Expands metadata with multiple values belong to a same attribute

Description

Different from the 'getWideMetaTb' function, this function accepts multiple target columns ('targetCols'). The difference comes from that the target columns of this function are related, i.e., have the same number of elements separated by the 'delim', and the multiple values for each column belongs to the same column/attribute/field, i.e., no additional column name is required/provided.

Usage

getLongMetaTb(meta, targetCols = NULL, delim = NULL)

Arguments

meta

A data frame. Metadata table containing all treatment-related columns

targetCols

Optional. A character vector of column names to expand if present. Default is the name of all cBioPortal treatment-related columns.

delim

Optional.
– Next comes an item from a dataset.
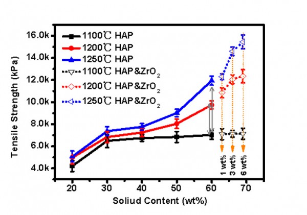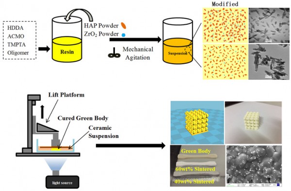 由於增材製造技術具有高精度選擇性固定和快速成型等優點,將其應用於骨缺損修複成為研究熱點之一。羥基磷灰石(HAP)是目前最常用的磷酸鈣生物材料之一,與人體骨骼的主要成分非常接近。因此,羥基磷灰石生物材料作為骨移植材料受到廣泛的歡迎。利用數字光處理(DLP)的3D打印技術製備HAP生物陶瓷是一項潛力巨大的工作。然而,製備固體含量高、流動性好、可由DLP打印的HAP雜化懸浮液遇到了不少挑戰。因此,本研究的目的是改進和發展一種新型的高固載紫外光固化懸浮液,該懸浮液具有良好的流體力學性能和穩定性,適合於DLP光固化打印機,以在一定程度上補償HAP陶瓷本身的脆性,在懸浮液中加入少量的氧化鋯作為添加劑,通過3D打印DLP製備了氧化鋯增韌HAP生物陶瓷複合材料。本研究采用兩種有機改性劑對HAP粉體進行預改性,以改善其在丙烯酸樹脂體係中的相容性,並加入蓖麻油磷酸酯進一步降低懸浮液的剪切應力,以保證其具有較強的流動性。60wt%粉體粒子負載的UV懸浮液在30rpm下的最小粘度為7495mPa?s,分別在1100℃、1200℃和1250℃下真空燒結。複合陶瓷(含6 wt%ZrO2)在1200℃時的相對密度為90.7%,而在1250℃燒結的樣品具有較強的拉伸強度和彎曲強度。氧化鋯摻入對HAP陶瓷的增韌作用也通過拉伸模量和彎曲模量的變化得到證實,但相應的力學性能也有明顯提高。該成果發表在國際刊物(C. Zhang, D. Huang, S. F. Liu, X. M. Dong, Y. H. Li, H. W. Zhang, Z. J. Yang, Q. S. Su, W. H. Huang, W. X. Zheng, W. Y. Zhou. Zirconia toughened hydroxyapatite biocomposite formed by a DLP 3D printing process for potential bone tissue engineering[J]. Materials Science & Engineering C, 2019, 105, 110054.)

A character (1) of a delimiter used to separate multiple values in the metadata table.

Value

A data frame of metadata expanded so that each individual treatment has its own row.

Examples

data(mini_cmd)
lmeta <- getLongMetaTb(mini_cmd, "hla")
dim(mini_cmd) 
dim(lmeta) 

short_tb <- data.frame(
    ind = c("A", "B", "C", "D", "E"),
    aval = c("cat;dog", "chicken", "horse", "frog;pig", "snake"),
    cval = c(1, NA, 3, 4, 5),
    bval = c("red;blue", "yellow", "NA", "green;NA", "brown"))
    
getLongMetaTb(short_tb, c("aval", "bval"), delim = ";")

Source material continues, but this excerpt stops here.